Surrender, like its predecessor, uses as its plot device a heroine and hero whose loyalties are divided. Jerome McKenzie is the son of James and Teela. He has been raised in the wilds of southern Florida (on the shores of Biscayne Bay) and has always had an affinity for the sea. When the story opens, he is the captain of his own ship in the infant navy of the Confederacy, the raider Lady Varina, and is already famous as a smuggler and commerce raider.
Risa Magee is the daughter of a Union general. Once she had hoped to marry Ian McKenzie, but this dream was destroyed when he found himself forced to marry Alaina. But, despite the fact that Alaina had married the man she had loved, Risa had become her good friend. Her friendship with Alaina leads her to make her way down the Florida coast to warn her friend that her espionage plans have been betrayed and that there is a plot for her capture.

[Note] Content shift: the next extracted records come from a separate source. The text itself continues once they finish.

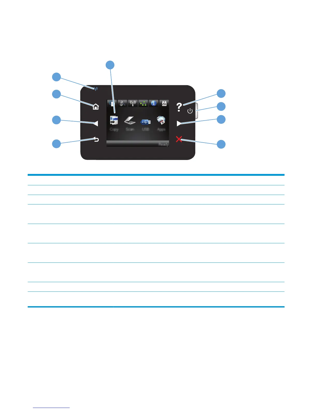 5 Cancel button and light Clears settings, cancels the current job, or exits the current screen
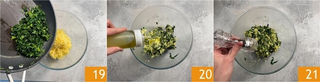 Fügt die sautierten Kräuter hinzu 19, etwas Öl 20 und würzt mit Salz und Pfeffer 21.
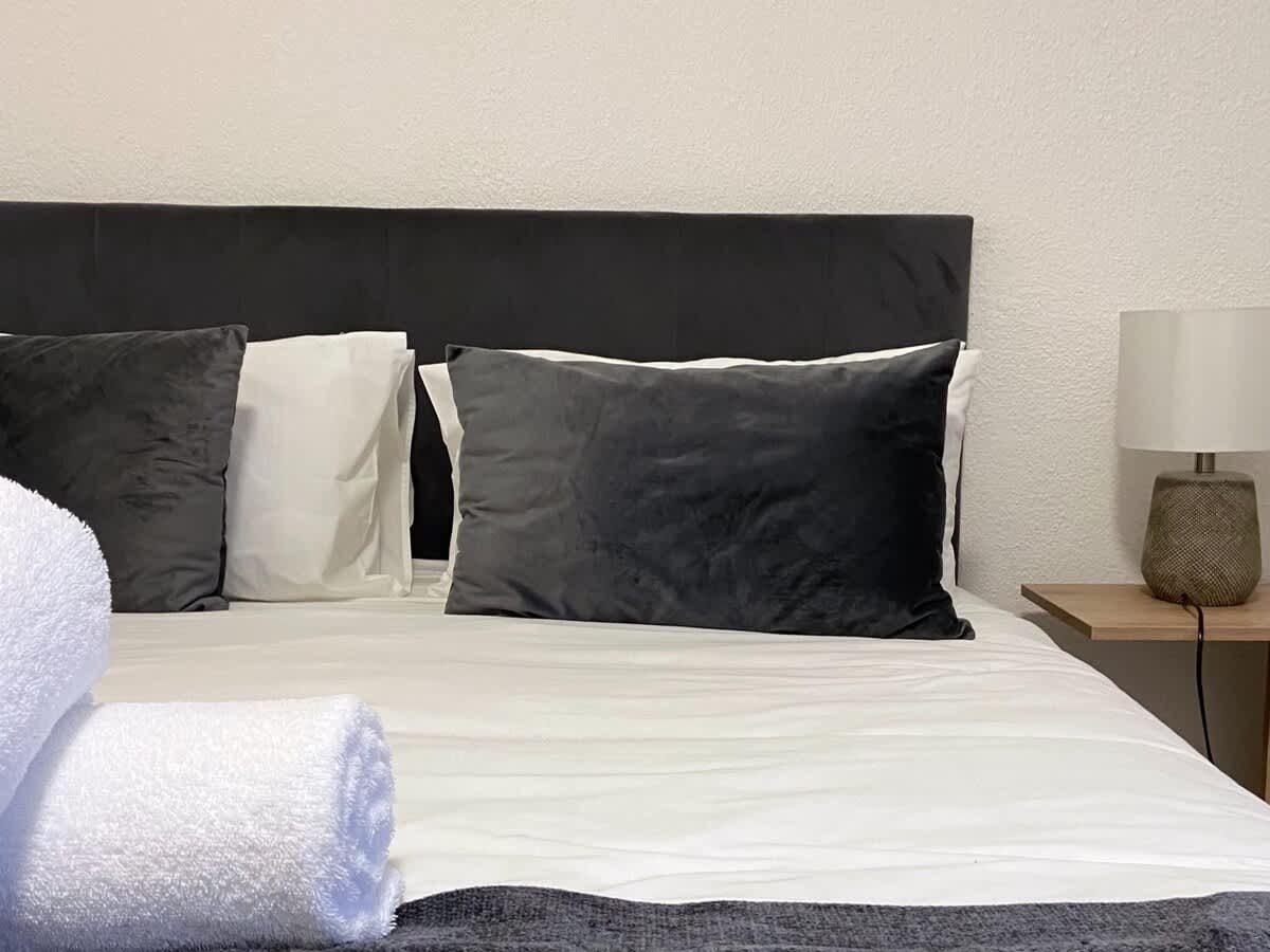 The unit can accommodate 4 guests in 2 bedrooms, each furnished with a double bed. The bathroom is fitted with a shower, toilet, and basin.
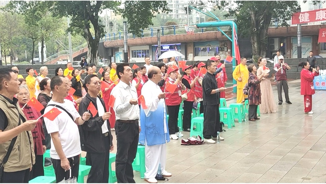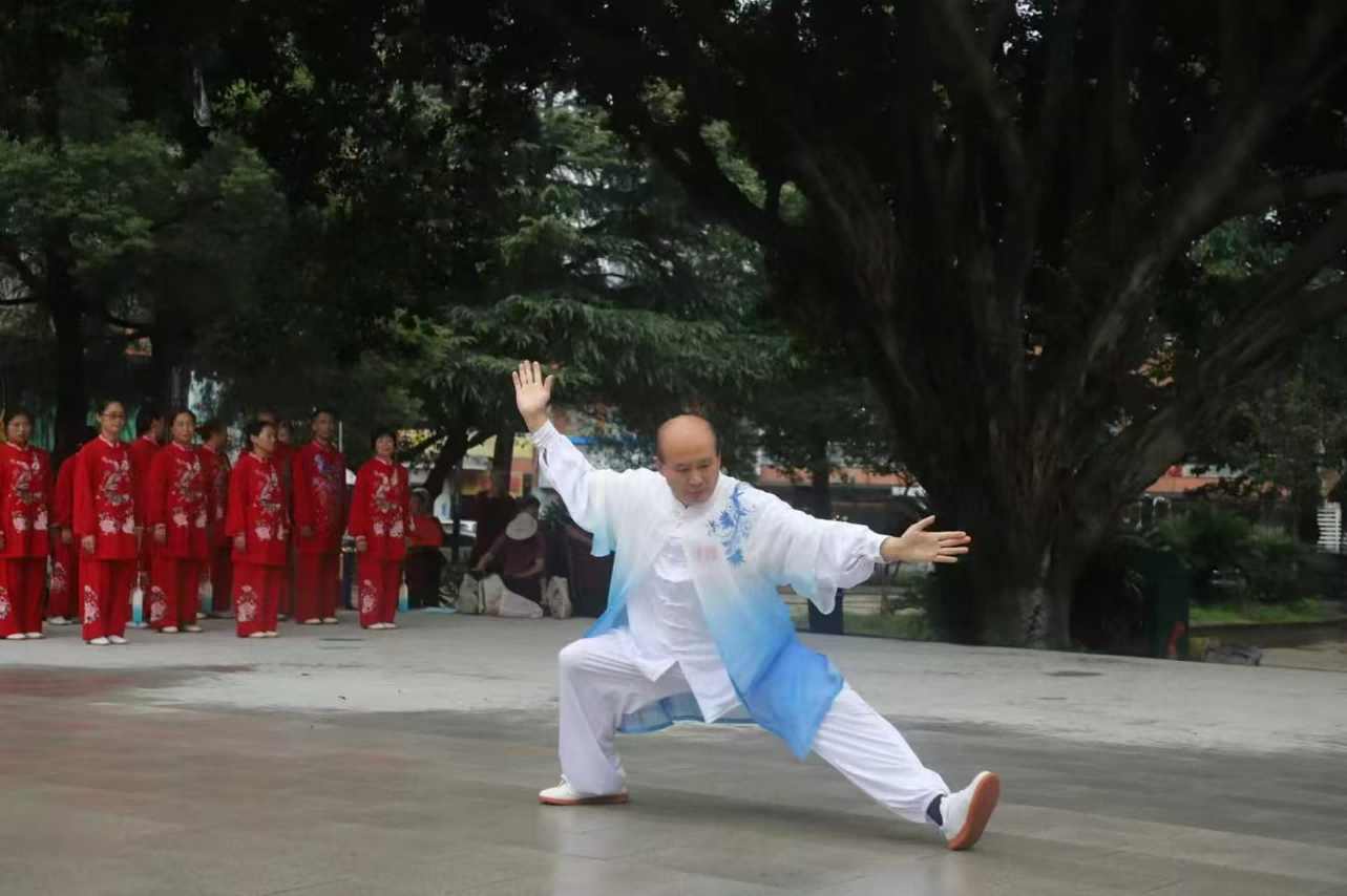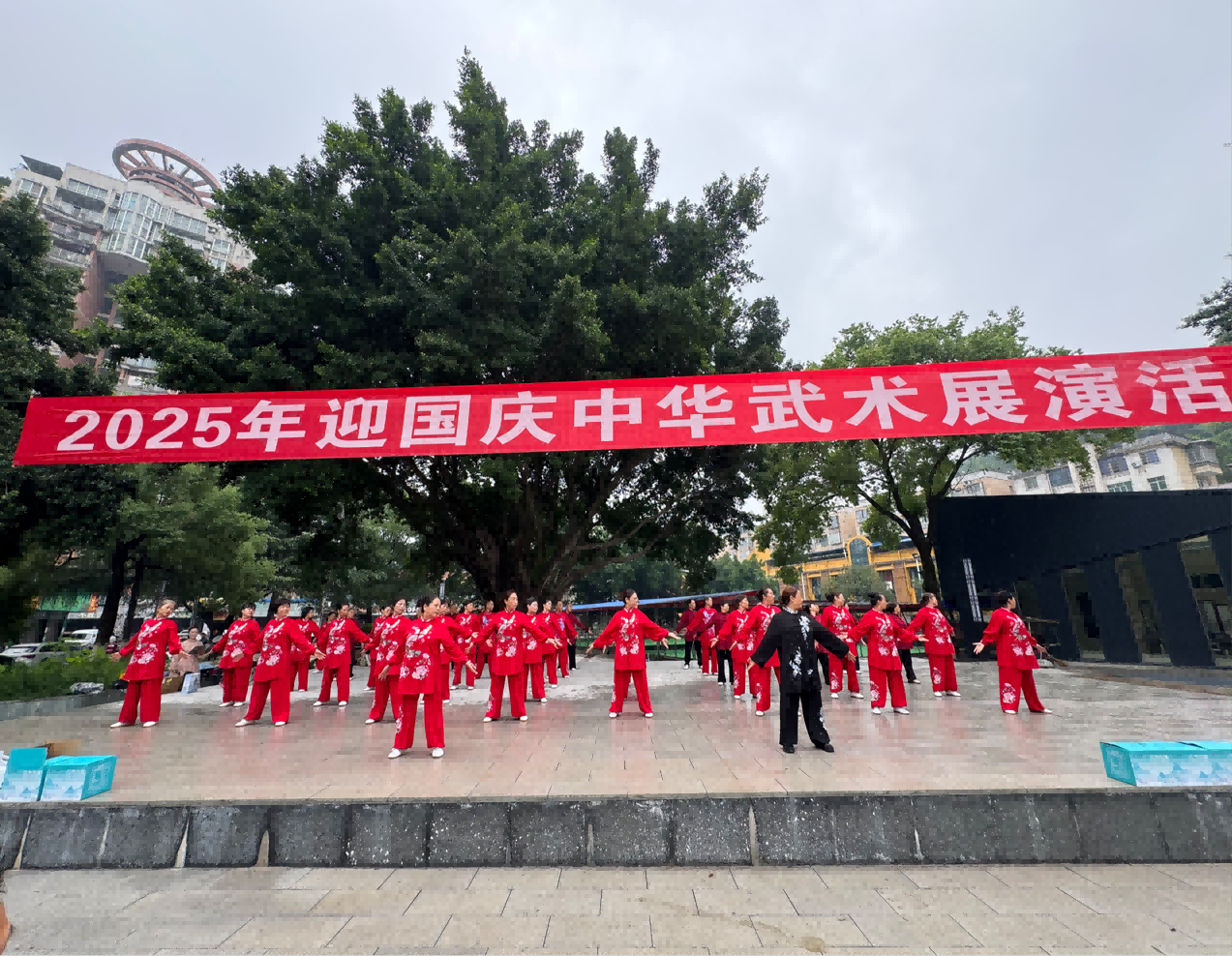 在举国欢庆中华人民共和国成立76周年之际,为积极响应全民健身国家战略,弘扬中华优秀传统文化,展现新时代人民群众昂扬奋进的精神面貌,近日,华蓥市老年体育协会、华蓥市武术协会、华蓥市太极协会在华蓥市华蓥山广场联合主办了主题为“健康迎国庆 武术颂华诞”的中英武术展演活动。

This daring excursion into Biscayne Bay leads to Risa falling into the hands of Jerome McKenzie. Jerome is able to warn and save Alaina, but when he discovers that Risa has learned his plans and is likely to report them to the nearest Union authorities, well, he chooses to take her with him aboard the Lady Varina.
Jerome is intrigued by this Yankee beauty who is so full of fearless ardor for the Northern cause. (Indeed, one of the problems I had with the book is that Risa seems too fearless to me. She is forever plunging into danger, seemingly without thinking. She is willing to bait her captor, to try to steal his plans, to try to warn his enemies. She is darn lucky that Jerome is a gentleman. In short, for me at least, Risa borders on that least favorite of heroines, one who is "too stupid to live.")
Of course, the sparks between the two ultimately ignite, but neither is willing to admit their feelings for each other. Readers who prefer the hero and heroine to spend most of the story together may not like this book, since Risa and Jerome are separated by war for much of the novel. And I must admit that the contrivances and coincidences that do bring them together seem somewhat farfetched. Just when it seems that the two are about to admit that they love each other, Jerome is taken prisoner and blames Risa for betraying him.
Surrender, like its predecessors, is a dense and complex book. I do not regret reading it; indeed, I know of few novels in any genre that do a better job of recreating the ambience of the Civil War, with all the tragedy of a people forced to fight former friends and neighbors. I shall certainly read the next installment in the McKenzie sage. But I feel I cannot wholeheartedly recommend Surrender to any and all readers — just those who passed the quiz in the first paragraph.